→ **Dataset**
-=-=-=-=-

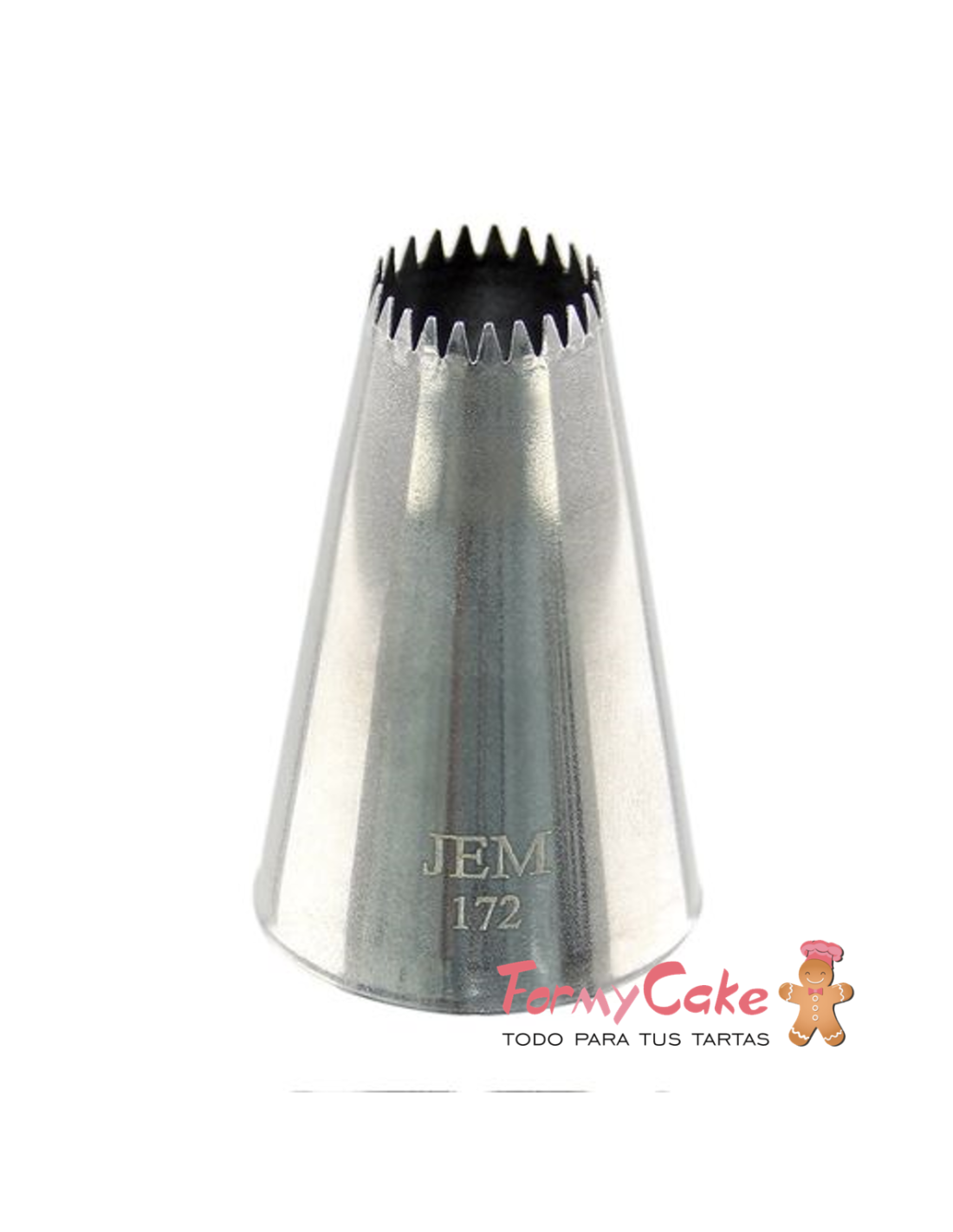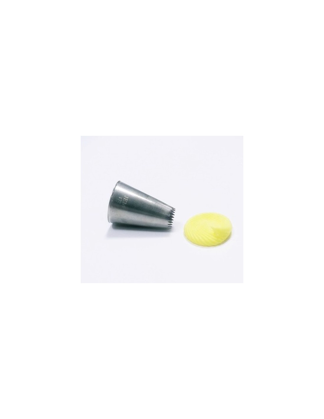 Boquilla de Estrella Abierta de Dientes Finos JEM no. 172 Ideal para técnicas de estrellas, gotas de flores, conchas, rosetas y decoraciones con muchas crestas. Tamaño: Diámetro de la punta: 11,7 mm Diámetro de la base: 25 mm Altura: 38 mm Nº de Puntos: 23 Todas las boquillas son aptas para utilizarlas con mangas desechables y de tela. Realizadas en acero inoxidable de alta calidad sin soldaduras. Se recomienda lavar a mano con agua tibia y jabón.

-=-=-=-=-

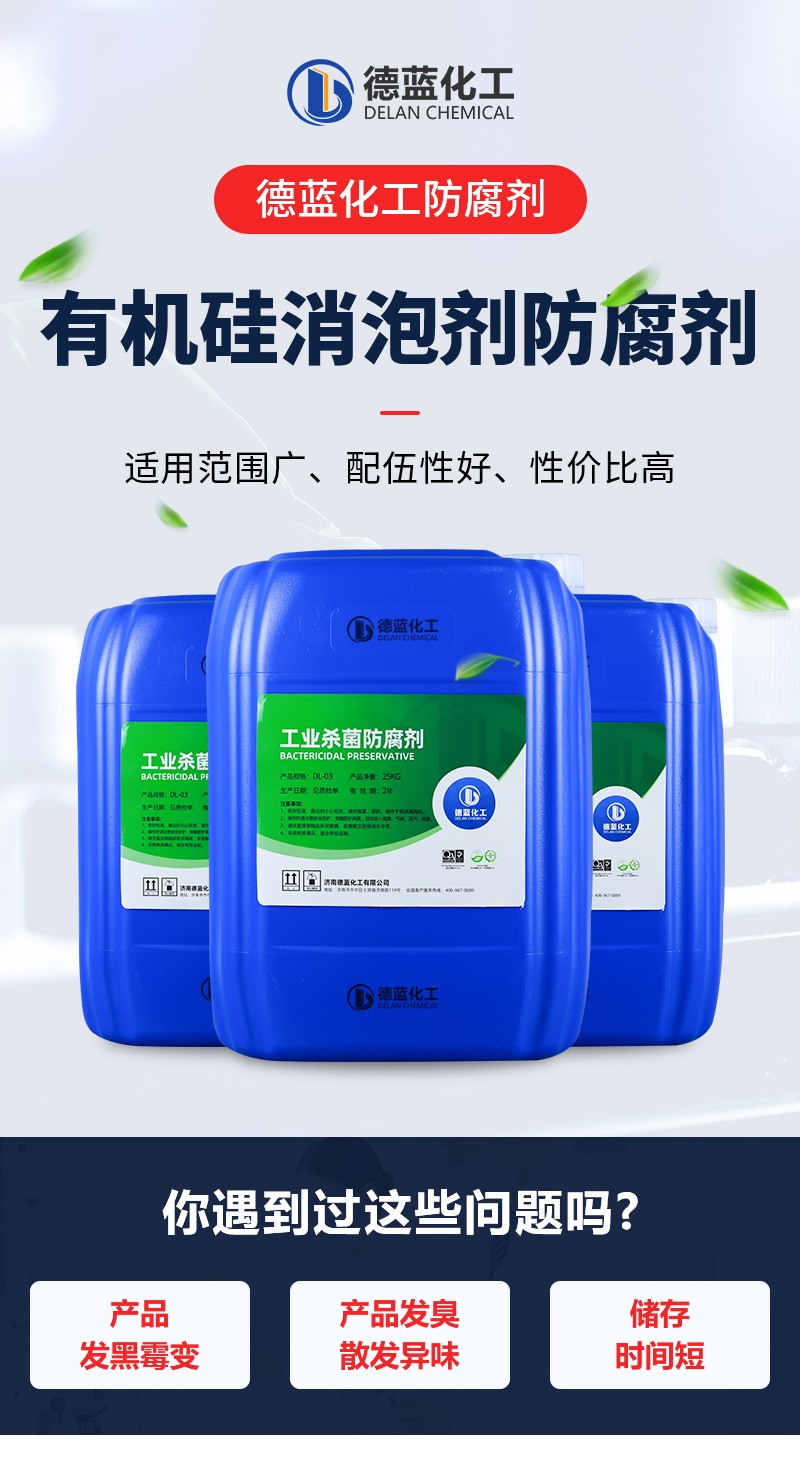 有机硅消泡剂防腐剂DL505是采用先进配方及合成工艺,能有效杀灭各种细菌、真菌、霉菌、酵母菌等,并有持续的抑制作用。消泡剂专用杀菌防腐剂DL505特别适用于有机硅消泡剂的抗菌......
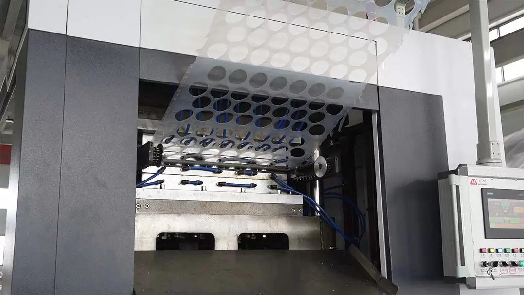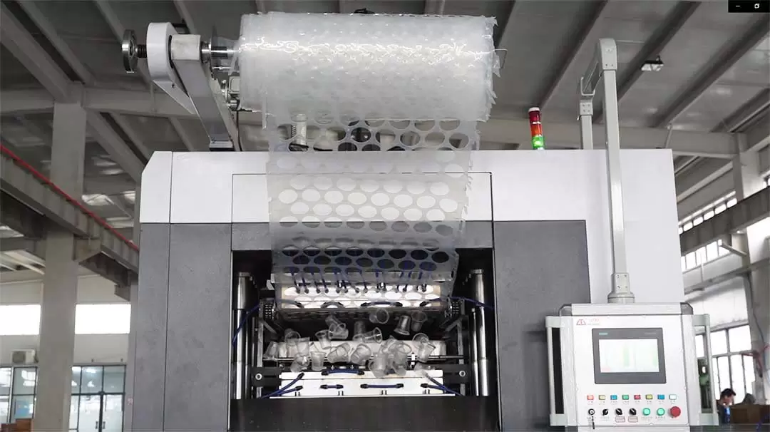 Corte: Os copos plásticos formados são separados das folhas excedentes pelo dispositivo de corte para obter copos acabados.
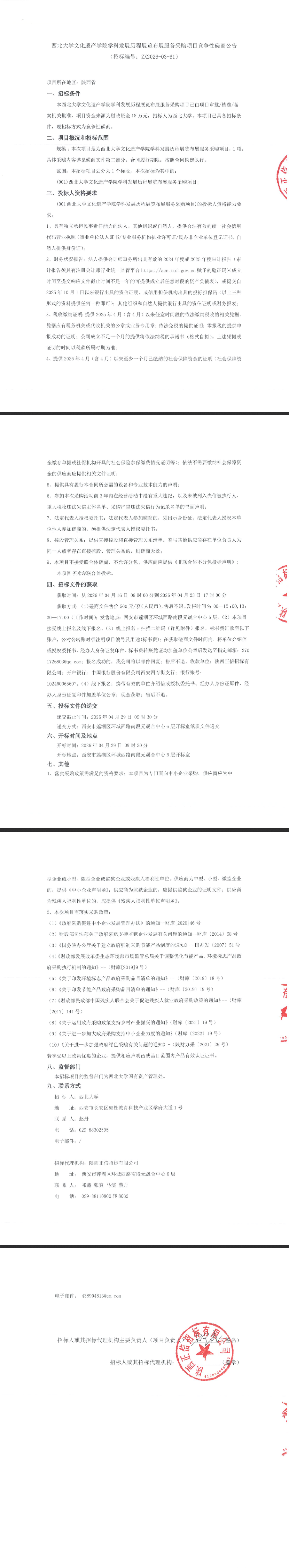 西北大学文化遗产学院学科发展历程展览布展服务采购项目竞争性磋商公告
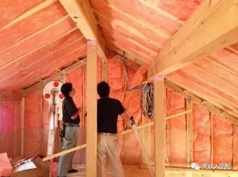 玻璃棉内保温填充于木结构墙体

-=-=-=-=-

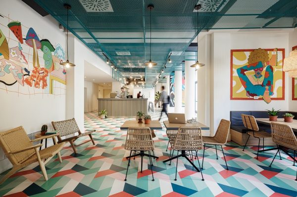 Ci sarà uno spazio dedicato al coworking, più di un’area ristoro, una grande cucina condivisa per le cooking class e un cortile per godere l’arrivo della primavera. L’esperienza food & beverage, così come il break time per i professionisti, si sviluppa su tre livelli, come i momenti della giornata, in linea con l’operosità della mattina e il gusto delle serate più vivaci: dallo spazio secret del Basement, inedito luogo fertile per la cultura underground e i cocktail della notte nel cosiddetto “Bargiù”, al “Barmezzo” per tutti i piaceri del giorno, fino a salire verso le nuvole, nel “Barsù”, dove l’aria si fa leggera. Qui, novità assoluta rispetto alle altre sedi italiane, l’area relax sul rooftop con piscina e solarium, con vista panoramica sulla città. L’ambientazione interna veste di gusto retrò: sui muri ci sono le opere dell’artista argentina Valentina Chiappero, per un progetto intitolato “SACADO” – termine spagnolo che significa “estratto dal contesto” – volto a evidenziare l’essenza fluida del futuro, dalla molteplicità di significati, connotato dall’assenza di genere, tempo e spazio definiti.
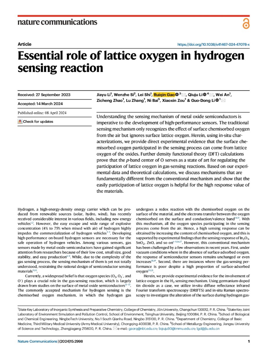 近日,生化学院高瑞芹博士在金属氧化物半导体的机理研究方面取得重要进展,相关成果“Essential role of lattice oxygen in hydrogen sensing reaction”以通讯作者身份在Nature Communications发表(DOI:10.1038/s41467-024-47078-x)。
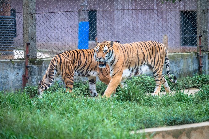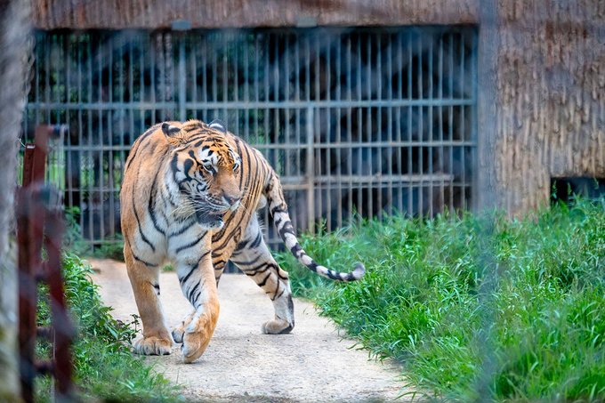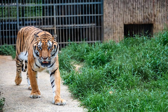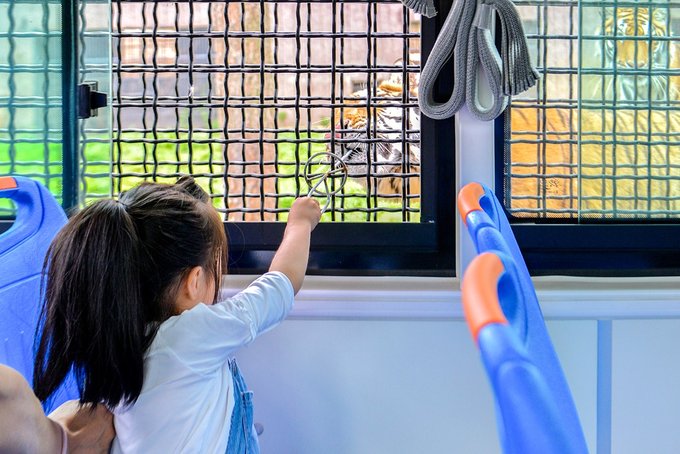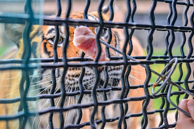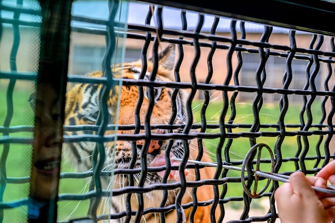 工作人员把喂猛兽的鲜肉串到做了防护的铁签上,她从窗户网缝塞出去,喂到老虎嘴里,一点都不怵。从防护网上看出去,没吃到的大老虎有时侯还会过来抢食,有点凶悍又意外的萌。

-=-=-=-=-

→ **Exercise goal**
Using the entries above, transcribe every line from the line containing "Corte: Os copos" through the line containing "玻璃棉内保温填充于木结构墙体". Do not copy pictures.

→ **Answer space**
 Corte: Os copos plásticos formados são separados das folhas excedentes pelo dispositivo de corte para obter copos acabados.
 西北大学文化遗产学院学科发展历程展览布展服务采购项目竞争性磋商公告
 玻璃棉内保温填充于木结构墙体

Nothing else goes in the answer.